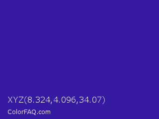 XYZ 8.324,4.096,34.07 Color is a normal indigo color and the nearest color is Blue Gem #2c0e8c. Hex code #361aa1 and RGB value is rgb(54,26,161). In RGB color space, this color is composed of 21% red, 10% green, 63% blue, In CMYK color space, this color is composed of 66% cyan, 84% magenta, 0% yellow , 37% black , In HSL color space, this color has a hue angle of 252° , 72% saturation and 37% lightness.
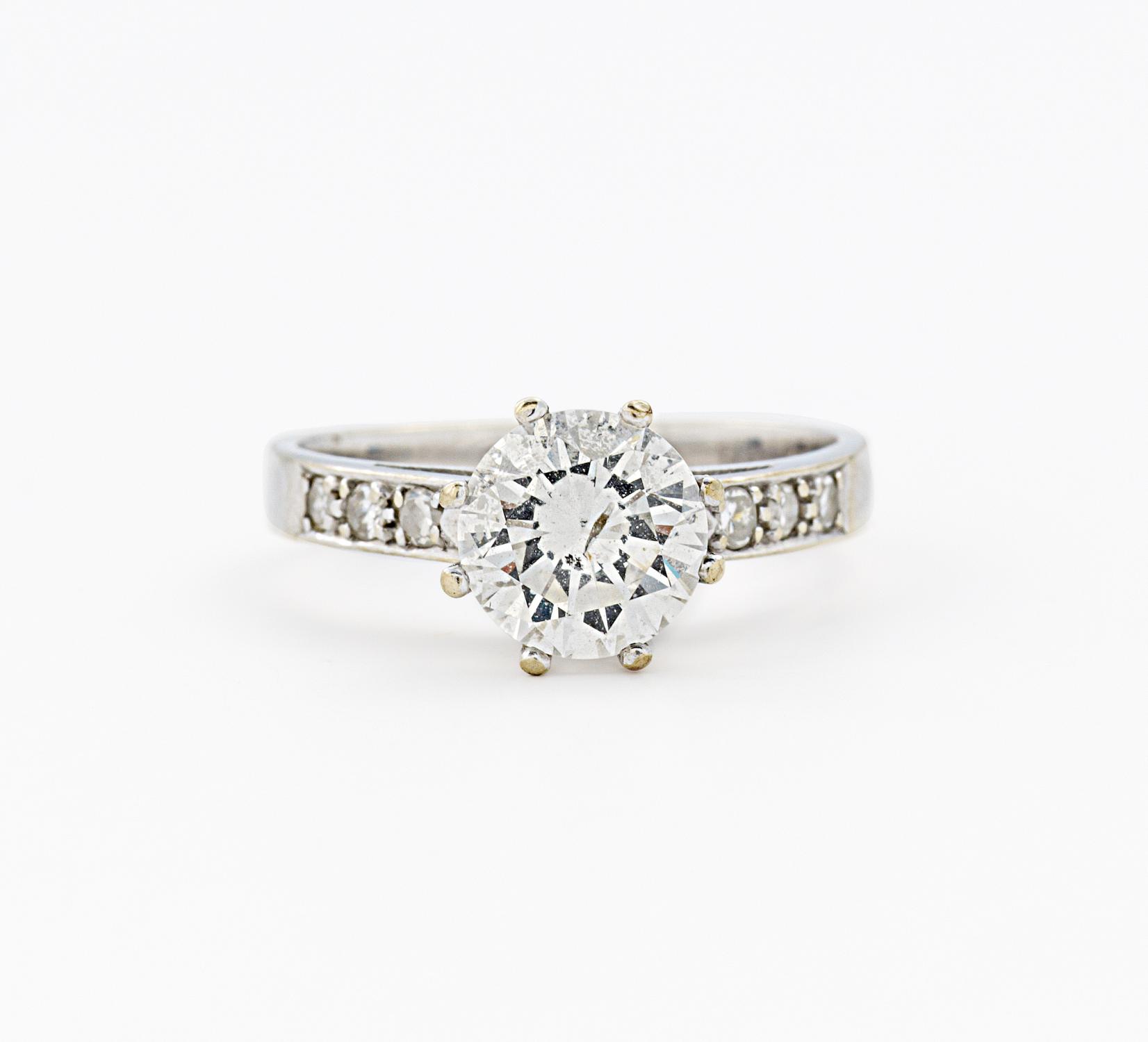 585/- Weißgold, Gewicht: 3,2g. Brillant ca. 1,381ct W(H) P2, 6 winzige 8/8-Diamanten, EU-RM: 50.
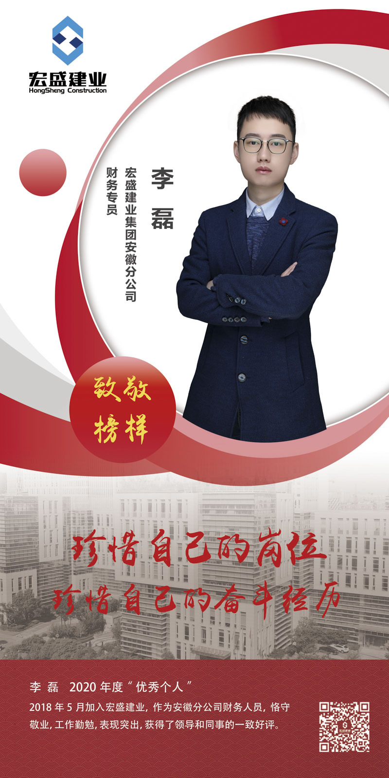 2018年,李磊加入集團(tuán),2019年入職集團(tuán)安徽分公司擔(dān)任財(cái)務(wù)專員。負(fù)責(zé)處理安徽分公司日常費(fèi)用報(bào)銷、辦公室用品采購(gòu)事宜,同時(shí)也要負(fù)責(zé)跟進(jìn)、對(duì)接安徽分公司范圍內(nèi)所有項(xiàng)目從開具外經(jīng)證到撥付工程款的一系列配套工作。除此之外,他還兼任了集團(tuán)樂平市第十九小學(xué)項(xiàng)目財(cái)務(wù)工作及項(xiàng)目分公司工作。
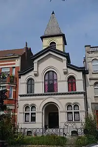 Historically, most of antoinist temples in Belgium were built before the World War II, when at least one of the founders was still alive. The first temple, the one of Jemeppe-sur-Meuse, was consecrated two years before the death of Louis Antoine, the founder of the religion. Other temples were often built in Belgian spa towns or in the countryside, and are mostly gathered in the French-speaking region — there are only three temples located in the Flanders region — and particularly in the province of Liège which counts 21 buildings. However, no temple has been built since 1968 and the antoinism spreading is now on the decline in the country, so much so that several places of worship are being unused because of a lack of clergy members. One of them — the temple in Tournai — was even sold in 2001.[1]
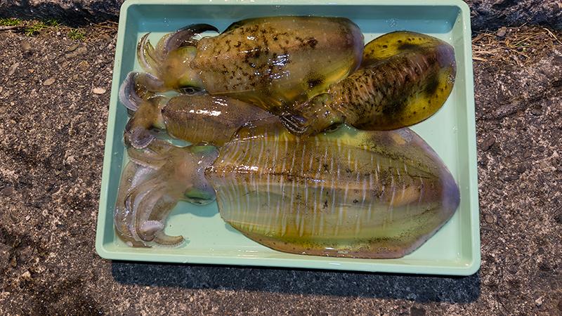 【使用タックル・当日の状況】 3mの磯竿にシマノナビ2500Lスピニングリール イダコヤエンで掛けました
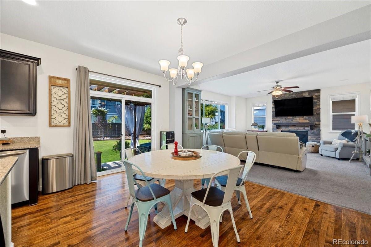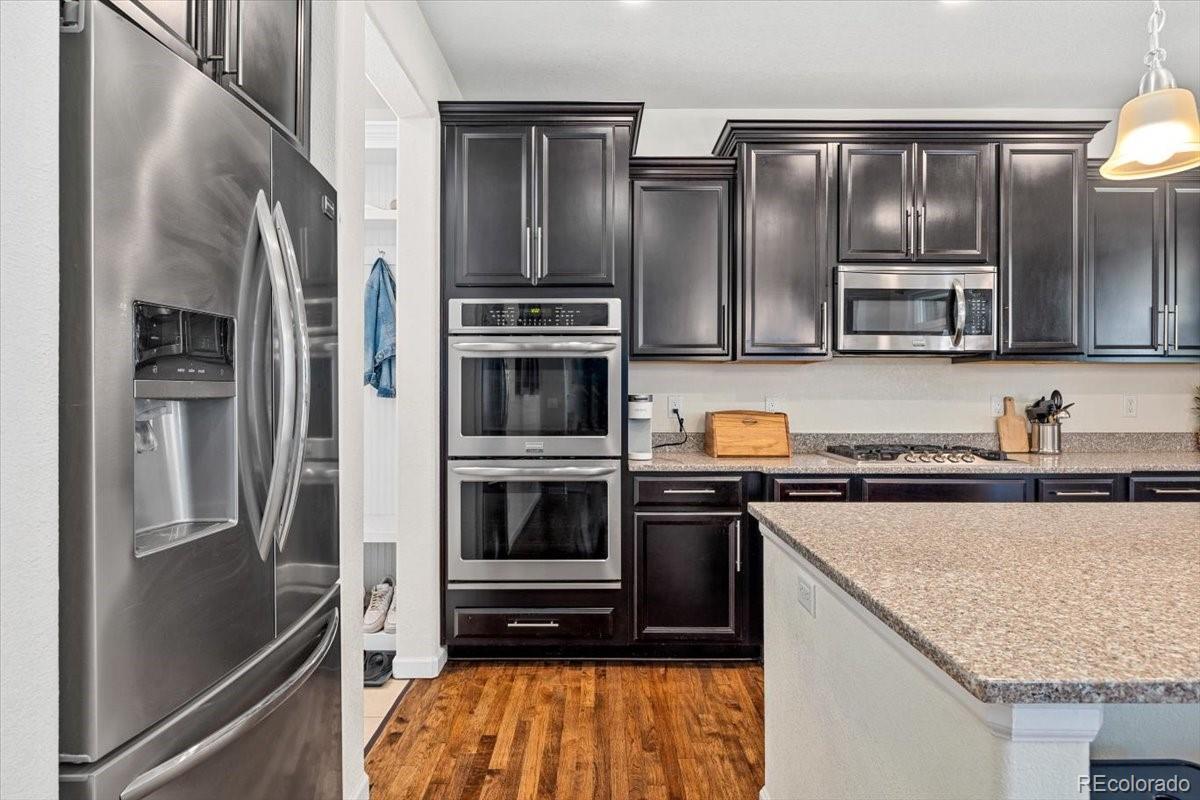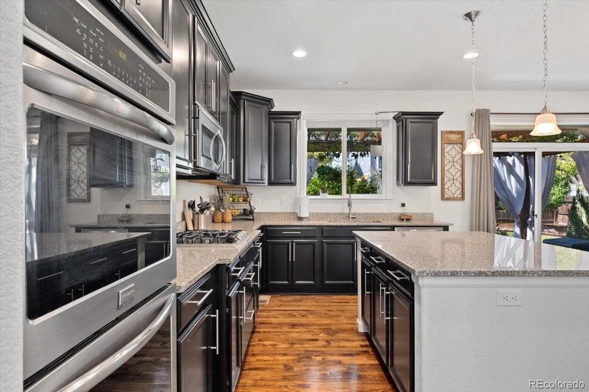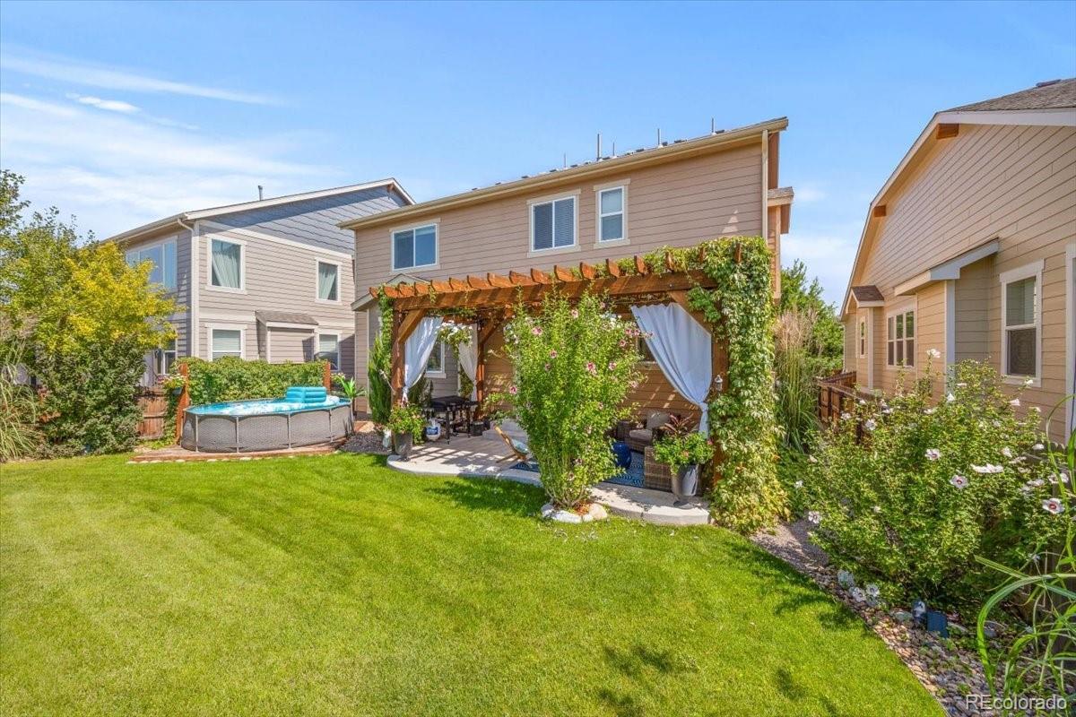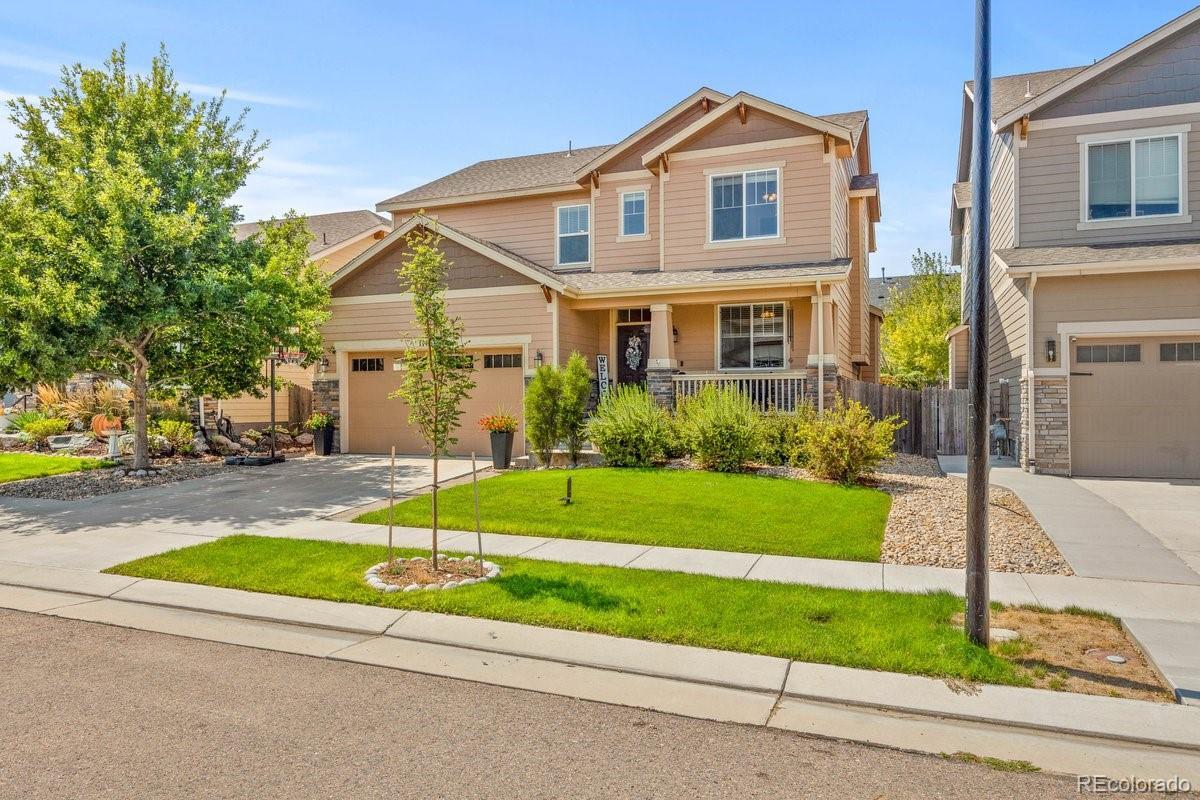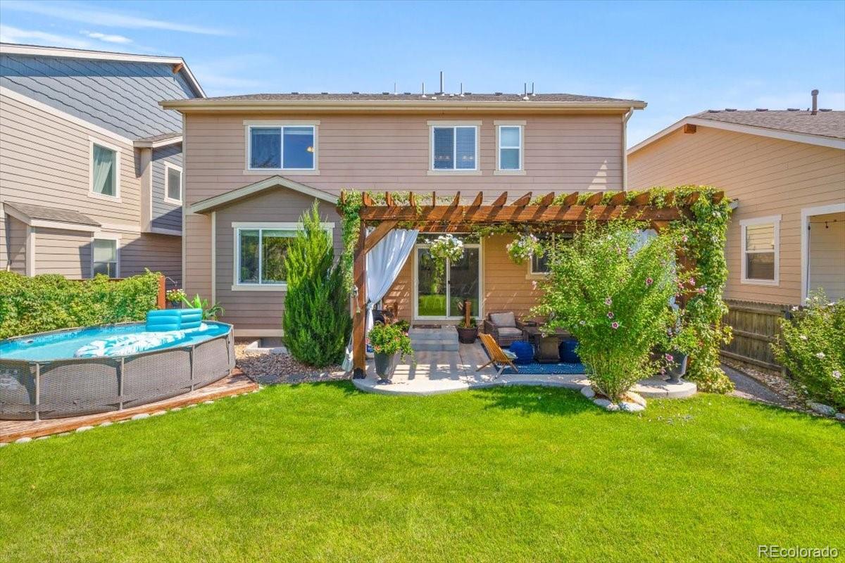 Up to $6800 or 1% of purchase price concessions available to use towards rate buydown or closing costs. Welcome Home to Buffalo Run! This immaculately maintained home shines with hardwood flooring, an open layout, and thoughtful upgrades throughout. The gourmet kitchen is a chef’s dream with dark wood cabinetry, a gas range, double ovens, and a spacious island perfect for gatherings. The sun-drenched family room features a cozy gas fireplace with a stone surround, ideal for cool Colorado evenings. Upstairs, retreat to your serene primary suite with a spa-like 5-piece bath and large walk-in closet. Two additional bedrooms, a full bath, and a versatile loft provide plenty of space for family and guests. Convenience meets style with an upper-level laundry room featuring custom cabinetry and a built-in folding area—making laundry a breeze. The fully finished basement expands your living options with a generous living space, bedroom, bathroom, and a stylish wet bar—perfect for entertaining. Step outside to your private backyard oasis with gorgeous landscaping, a pergola for shade, and a small above-ground pool for summer fun. The fenced yard also offers a large patio, built-in planters, and a sprinkler system for easy maintenance. Additional highlights include a 2-car garage with custom cabinetry and a workbench. Why build new when this home offers it all—move-in ready, beautifully upgraded, and loaded with charm—without the wait or added expense? Don’t miss your chance to make this one yours!
* * *
• What you are asked to do
All entries above must be duplicated exactly; please omit any picture they hold.

• Answer to the problem
 XYZ 8.324,4.096,34.07 Color is a normal indigo color and the nearest color is Blue Gem #2c0e8c. Hex code #361aa1 and RGB value is rgb(54,26,161). In RGB color space, this color is composed of 21% red, 10% green, 63% blue, In CMYK color space, this color is composed of 66% cyan, 84% magenta, 0% yellow , 37% black , In HSL color space, this color has a hue angle of 252° , 72% saturation and 37% lightness.
 585/- Weißgold, Gewicht: 3,2g. Brillant ca. 1,381ct W(H) P2, 6 winzige 8/8-Diamanten, EU-RM: 50.
 2018年,李磊加入集團(tuán),2019年入職集團(tuán)安徽分公司擔(dān)任財(cái)務(wù)專員。負(fù)責(zé)處理安徽分公司日常費(fèi)用報(bào)銷、辦公室用品采購(gòu)事宜,同時(shí)也要負(fù)責(zé)跟進(jìn)、對(duì)接安徽分公司范圍內(nèi)所有項(xiàng)目從開具外經(jīng)證到撥付工程款的一系列配套工作。除此之外,他還兼任了集團(tuán)樂平市第十九小學(xué)項(xiàng)目財(cái)務(wù)工作及項(xiàng)目分公司工作。
 Historically, most of antoinist temples in Belgium were built before the World War II, when at least one of the founders was still alive. The first temple, the one of Jemeppe-sur-Meuse, was consecrated two years before the death of Louis Antoine, the founder of the religion. Other temples were often built in Belgian spa towns or in the countryside, and are mostly gathered in the French-speaking region — there are only three temples located in the Flanders region — and particularly in the province of Liège which counts 21 buildings. However, no temple has been built since 1968 and the antoinism spreading is now on the decline in the country, so much so that several places of worship are being unused because of a lack of clergy members. One of them — the temple in Tournai — was even sold in 2001.[1]
 【使用タックル・当日の状況】 3mの磯竿にシマノナビ2500Lスピニングリール イダコヤエンで掛けました
 Up to $6800 or 1% of purchase price concessions available to use towards rate buydown or closing costs. Welcome Home to Buffalo Run! This immaculately maintained home shines with hardwood flooring, an open layout, and thoughtful upgrades throughout. The gourmet kitchen is a chef’s dream with dark wood cabinetry, a gas range, double ovens, and a spacious island perfect for gatherings. The sun-drenched family room features a cozy gas fireplace with a stone surround, ideal for cool Colorado evenings. Upstairs, retreat to your serene primary suite with a spa-like 5-piece bath and large walk-in closet. Two additional bedrooms, a full bath, and a versatile loft provide plenty of space for family and guests. Convenience meets style with an upper-level laundry room featuring custom cabinetry and a built-in folding area—making laundry a breeze. The fully finished basement expands your living options with a generous living space, bedroom, bathroom, and a stylish wet bar—perfect for entertaining. Step outside to your private backyard oasis with gorgeous landscaping, a pergola for shade, and a small above-ground pool for summer fun. The fenced yard also offers a large patio, built-in planters, and a sprinkler system for easy maintenance. Additional highlights include a 2-car garage with custom cabinetry and a workbench. Why build new when this home offers it all—move-in ready, beautifully upgraded, and loaded with charm—without the wait or added expense? Don’t miss your chance to make this one yours!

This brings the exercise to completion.